No need for BNM to follow the US or the EU in tightening monetary policy
By JERRY LEE CHEE YEONG / Pic By MUHD AMIN NAHARUL
One of the major factors that has contributed to the increased volatility in global equities this year was the tightening global liquidity.
According to data compiled by Bank of America Merrill Lynch, the number of rate hikes globally is almost approaching the pre-Lehman Brothers Holdings Inc levels, indicating substantial liquidity withdrawal around the globe and this has now become one of the top concerns for most investors.
Is Malaysia joining the global monetary tightening stance in 2019?

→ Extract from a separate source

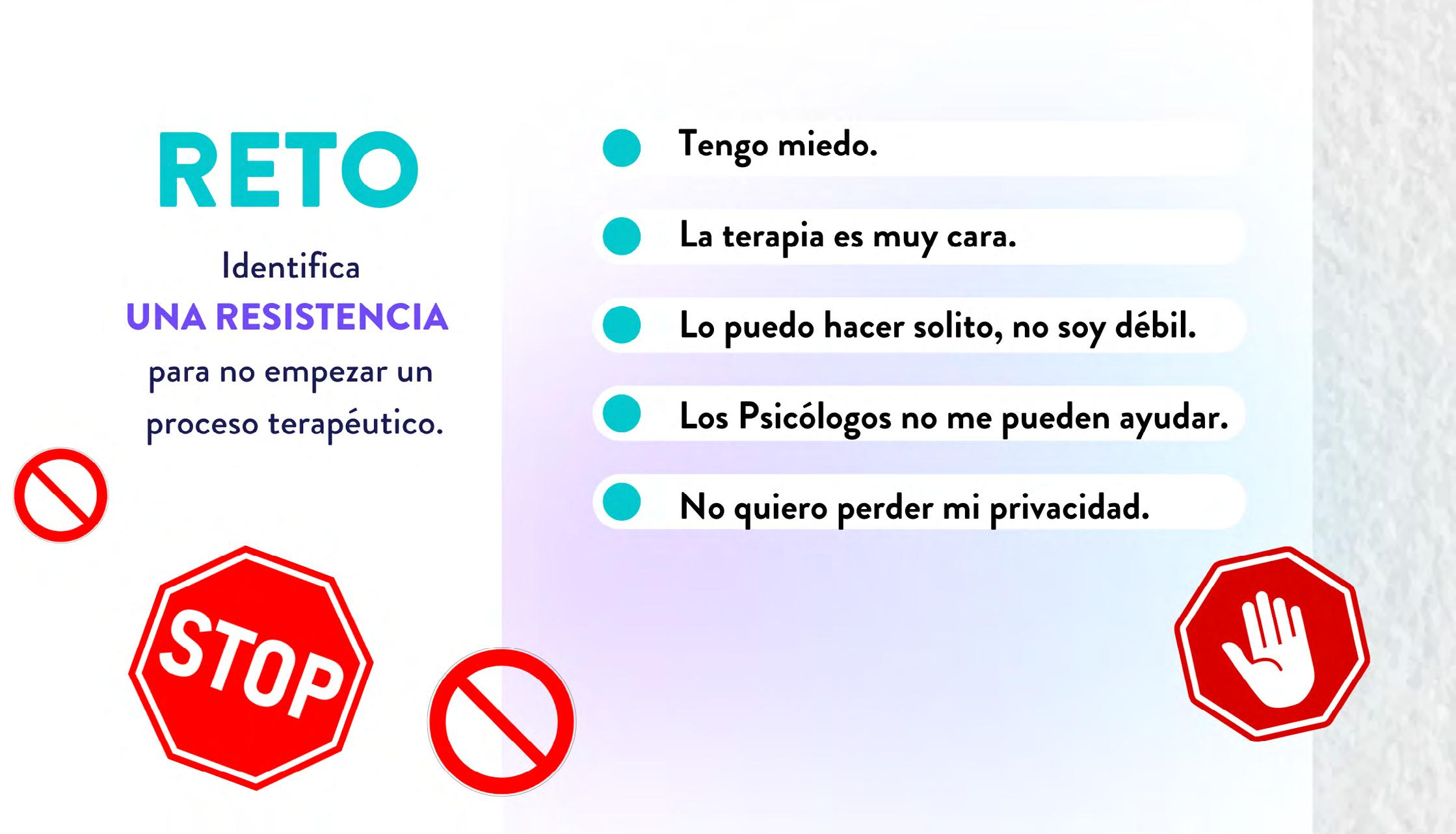 Como siempre terminamos con un reto para llevar a casa. En esta ocasión, queremos que logres identificar una resistencia para empezar un proceso terapéutico aunque tal vez lo estés necesitando o alguno de tus hijos, acuérdate que buscar ayuda cuando lo necesitamos, ¡demuestra valentía, no debilidad!

Bank Negara Malaysia (BNM) raised the benchmark Overnight Policy Rate (OPR) by 25 basis points to 3.25% early this year.
The decision was viewed as a move to normalise monetary policy, instead of tightening it, following the rate cut in 2016 on concerns of a slow economic growth due to subdued private spending and external uncertainties like the Brexit vote.
On the tightening path, BNM is well ahead of other central banks as it started to tighten monetary policy in year 2010 after the global financial crisis, while the US Federal Reserve was on the path of loosening its monetary policy.
At this juncture, we do not see any need for the central bank to follow the footsteps of the US or the European Union (EU) in tightening the monetary policy.
Local economic growth and headline inflation are two major factors central banks would consider for the monetary policy decision.
In the recent monetary policy statement released early this month, the Monetary Policy Committee was rather sanguine about the prospect of economic growth, mentioning “the domestic economy continues to face downside risks stemming from any further escalation in trade tensions and prolonged weakness in the mining and agriculture sectors”.
Although the inflation rate is expected to increase marginally next year due to the floating of the domestic petrol prices effective Jan 1, 2019, we believe the price pressures are likely to remain contained given the absence of strong demand pressure.
Hence, given the expectation of a moderating economic growth in 2019 and manageable headline inflation, we see no urgency for BNM to raise interest rates.
Given the expectation of no interest-rate hike in 2019 for Malaysia, bond investors might want to consider the longer duration bonds which are likely to outperform bonds with shorter durations due to the higher term premiums.
Apart from the longer duration bonds, Malaysia’s real-estate investment trusts (M-REITs) would be another sector that investors can consider, given the stable interest-rate outlook and the rather attractive dividend yield from the M-REITs, which currently hovers around the 6% level.